Task directions: From the records below, please print only the lines from the one containing "根據(jù)順豐發(fā)布" through the one containing "今日も暑い日になりましたが、", both included. Skip the pictures.

Information supplied:
══════════

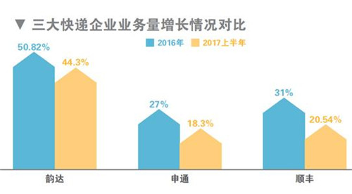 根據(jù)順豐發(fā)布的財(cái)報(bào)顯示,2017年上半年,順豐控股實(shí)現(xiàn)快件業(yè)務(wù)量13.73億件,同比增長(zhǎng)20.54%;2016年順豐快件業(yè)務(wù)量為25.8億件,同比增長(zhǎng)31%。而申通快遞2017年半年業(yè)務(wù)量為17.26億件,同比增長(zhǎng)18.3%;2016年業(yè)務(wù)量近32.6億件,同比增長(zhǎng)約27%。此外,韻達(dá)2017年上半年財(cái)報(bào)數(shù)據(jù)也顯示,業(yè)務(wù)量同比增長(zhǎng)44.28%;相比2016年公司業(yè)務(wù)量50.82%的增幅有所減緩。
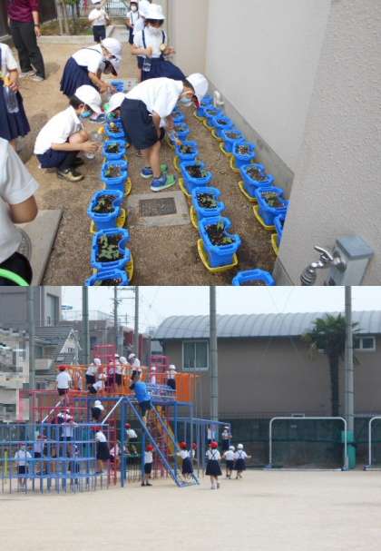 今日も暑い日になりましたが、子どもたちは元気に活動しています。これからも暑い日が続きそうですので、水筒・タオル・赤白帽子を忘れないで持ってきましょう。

══════════

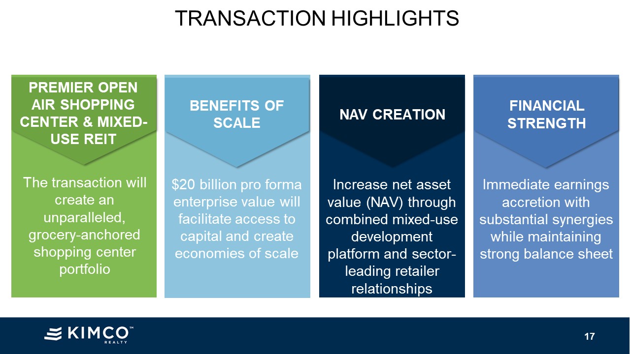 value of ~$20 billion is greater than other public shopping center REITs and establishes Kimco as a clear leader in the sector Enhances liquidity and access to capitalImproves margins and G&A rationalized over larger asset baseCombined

══════════

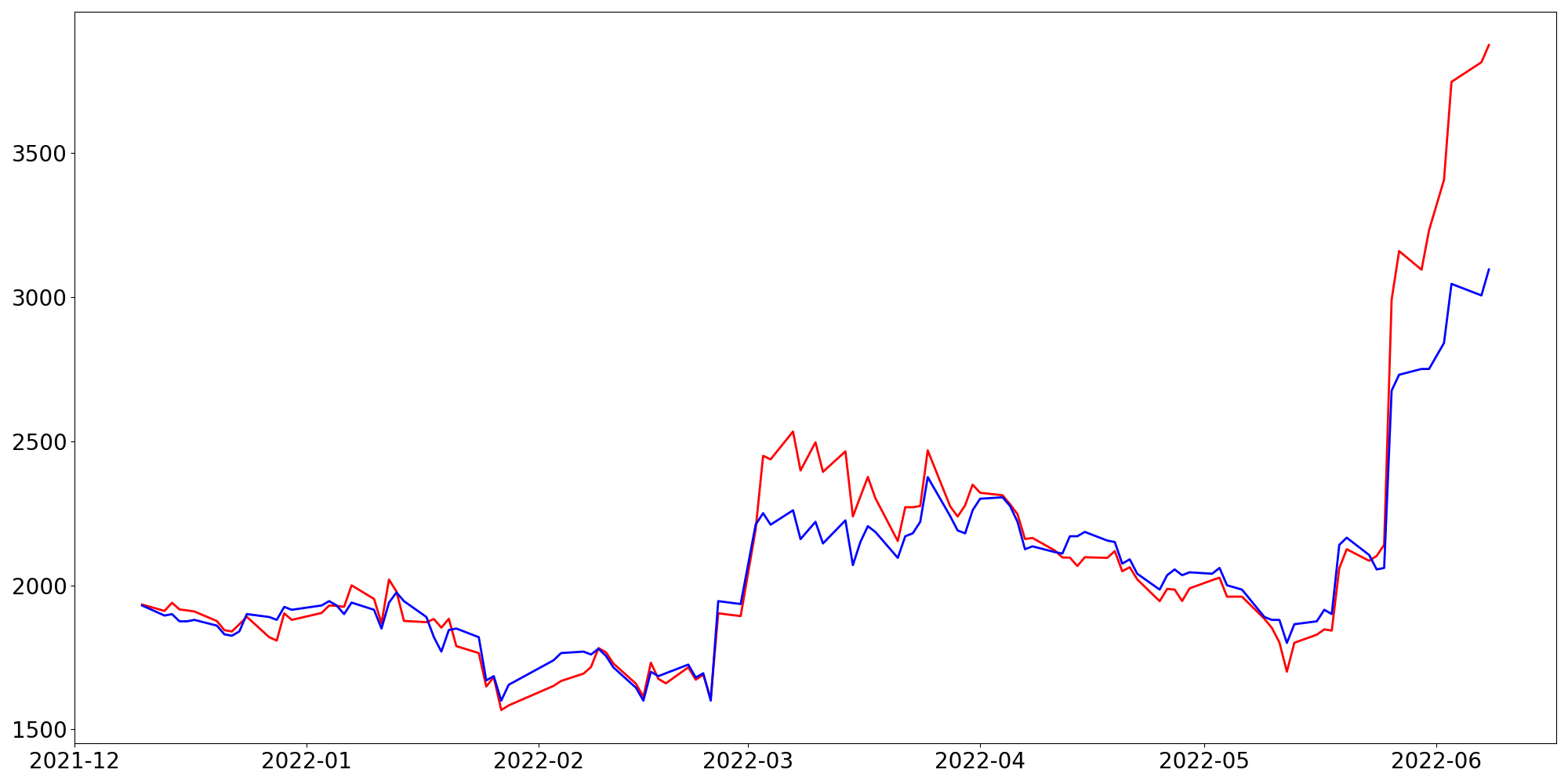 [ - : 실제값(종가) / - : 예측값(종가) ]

══════════

Solution to this exercise:
 根據(jù)順豐發(fā)布的財(cái)報(bào)顯示,2017年上半年,順豐控股實(shí)現(xiàn)快件業(yè)務(wù)量13.73億件,同比增長(zhǎng)20.54%;2016年順豐快件業(yè)務(wù)量為25.8億件,同比增長(zhǎng)31%。而申通快遞2017年半年業(yè)務(wù)量為17.26億件,同比增長(zhǎng)18.3%;2016年業(yè)務(wù)量近32.6億件,同比增長(zhǎng)約27%。此外,韻達(dá)2017年上半年財(cái)報(bào)數(shù)據(jù)也顯示,業(yè)務(wù)量同比增長(zhǎng)44.28%;相比2016年公司業(yè)務(wù)量50.82%的增幅有所減緩。
 今日も暑い日になりましたが、子どもたちは元気に活動しています。これからも暑い日が続きそうですので、水筒・タオル・赤白帽子を忘れないで持ってきましょう。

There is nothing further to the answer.